И правда, тетя Люба вкуснее гренки жарила всегда, а молоко когда давала вместе с Сашкой им в беседке, то с пряником каким-нибудь или помажет маслом хлеб, порежет помидор, кружочками положит, посолит, то прям как красная икра.

— И соль бялей, и сахар сладче.

— Мне Сашка обещала продолженье мушкетеров дать…

— От и иди за продолженьем… продолженье. От яблоньки гнилок за тень ни упадеть.

— Я, баб, потом тогда…

— Потом сходи, сейчас сходи, иди де юбками засраты. Покойник вон ходил — и ты ходи.

Он выходил с веранды на ступени, пропрыгав вниз зачем-то поднимался вверх и оставался на крыльце.

* * *

— В Петров солнцеворот, перед гречишной Акулиной, какой за веру во Христа проткнули уши металлическим прутом…

— Прям голову — да, ба?

— Нашквось.

— И что она, жива что ль так была?

— Жива была, но мучилася-то… а после ангел к ей слетел и исцелил от мук; потом, как ангел исцелил, ее казнили… Ты посмотри… проклятое тварье!.. лятять поганые, лятять, кому ты, божи, столько родишь их?!

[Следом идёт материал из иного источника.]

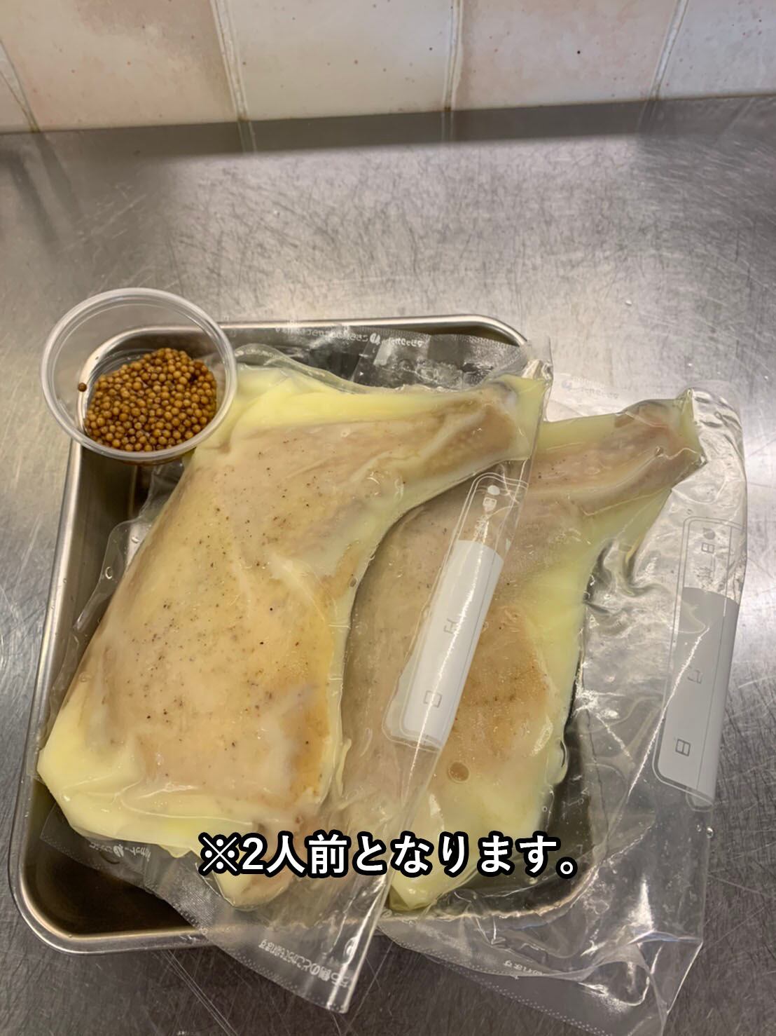 【食べ方】解凍後、皮目を下にテフロン鍋で弱火で、パリパリになるまでゆっくり焼き色をつけて下さい。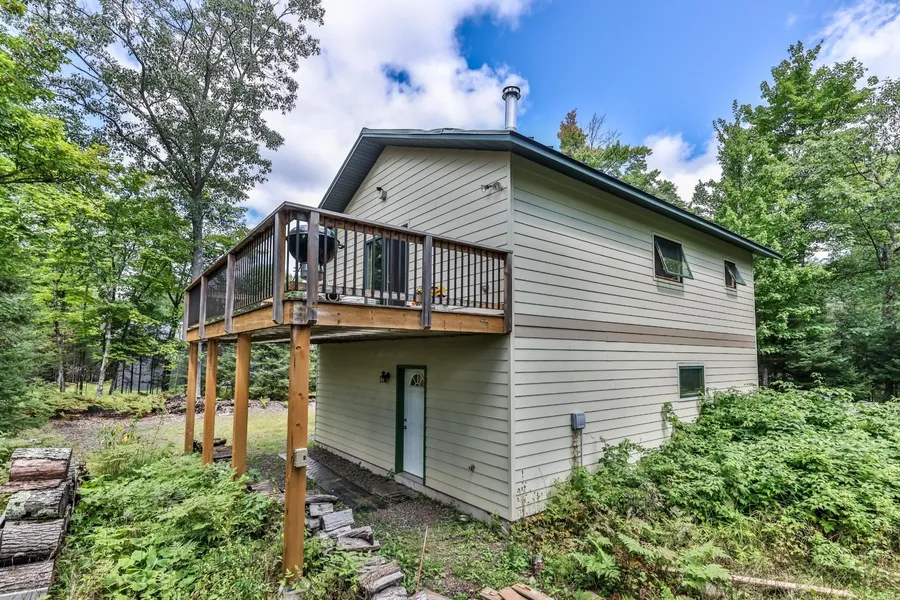 This property offers 206 ft of Frontage on Wildcat lake in Presque Isle which is about 350 acres. The living quarters over the garage is 768 sq ft with one bedroom and one full bath, living rm area, kitchen with appliances, lower mud room has washer and dryer. Seller has put in a 1500 gallon septic for future growth of main home. Drilled well is 60 ft deep. Seller just replace wooden deck which is 24x12. Home has a Metal roof, and composite siding. This property faces west, great public hunting land on east side of the road. Near snow mobile trails, and UTV Trails, 6 minutes out of Boulder Junction. Welcome Home!
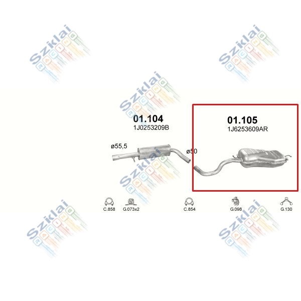 Katalógus | Nem besorolt > Kipufogódob, hátsó, Audi A3, Seat Leon, VW Golf IV, Beetle, 1.6-2.0, 1997-2007.07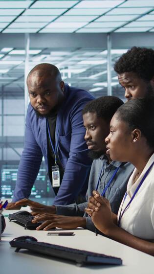 Vertical Teamworking engineers talking in server room, developing disaster recovery plans ensuring minimal downtime. Team of data center employees doing brainstorming, monitoring performance, camera A Pro Video
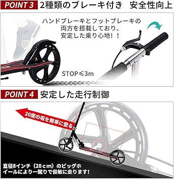 ・【高品質&安全性UP】2021新モデルの立ち乗り式キックボードは、ハンドブレーキとフットブレーキの両方を備えており、どちらも後輪にブレーキをかけることができます。アルミニウム製の軽量スクーターは滑り止めのデッキと大幅のデザインで、安心に快適な走りを体感し、何年にわたっても使用に耐えます。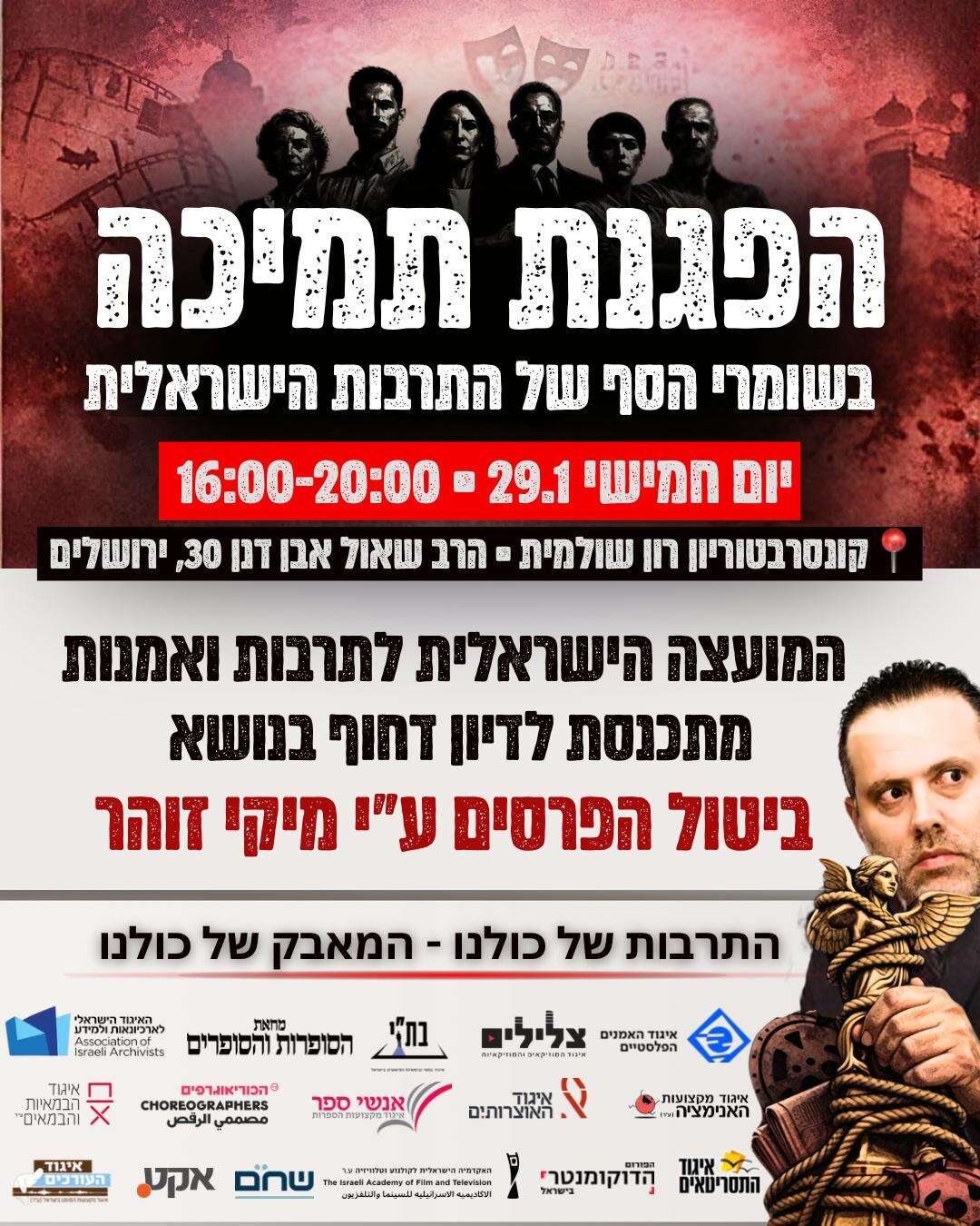 בעולם התרבות מסרבים לעבור בשתיקה על ביטול הפרסים ליוצרות ויוצרים על ידי שר התרבות, דבר שהם רואים בו רק חלק מהמתקפה החזיתית על התרבות הישראלית, שמוביל שר התרבות מיקי זוהר.

Июню под конец, когда совсем дуреют с жару мухи, гудят в саду, в дому, как будто дом сейчас взлетит, упал с гнезда и прямо в бочку вороненок. Петруша в бочку заглянул проверить своего жука, какому крылья оторвал, чтоб посмотреть, чего он будет делать, а в бочке лучше всякого жука. И только руку протянул достать, как сверху налетело, крыльями треща и гогоча, ударило в затылок, в волосы вцепилось, царапало, драло, клевало и рвалось… И руки вверх задрав, он ухватил безумное вопящее живое, держал горячий и тяжелый перьев куль, вопя от ужаса и отвращенья сам, и отшвырнул, вопя; и стало тихо.

Со лба стекало липким по щекам, щипалось больно, и долго гаснуть не хотел в распахнутом глазу вороньем отчаяньем и ненавистью полный огонек.

Он вынул вороненка из воды, погладил на ладони мокрый клюв, потрогал скрюченную, с коготком дрожащим лапку и, отшвырнув ногой под флоксы сломанный вороний куль, сказал:

— Да дура! я спасти его хотел…

Пошел домой.

— Ба! Погляди чего…

— Ой, матерьбожья, кровь… убил? Убился? Что?!

— Убил…

— Кого?

— Ворону… там ее случайно, баб, она… Ба, погляди, кто у меня! Упал с гнезда…

— Ой, осподипомилуй, ворожок… Чаго ж, Петруш, дохлятину домой? Иди лопату-то возьми, в курган зарой…

— Чего зарой, баб? Он живой!

— И ничаго, живым зарой.

— Ты че?

— Поговори, ты че, поговори! Смерть в дом не шла, так сам принес опять?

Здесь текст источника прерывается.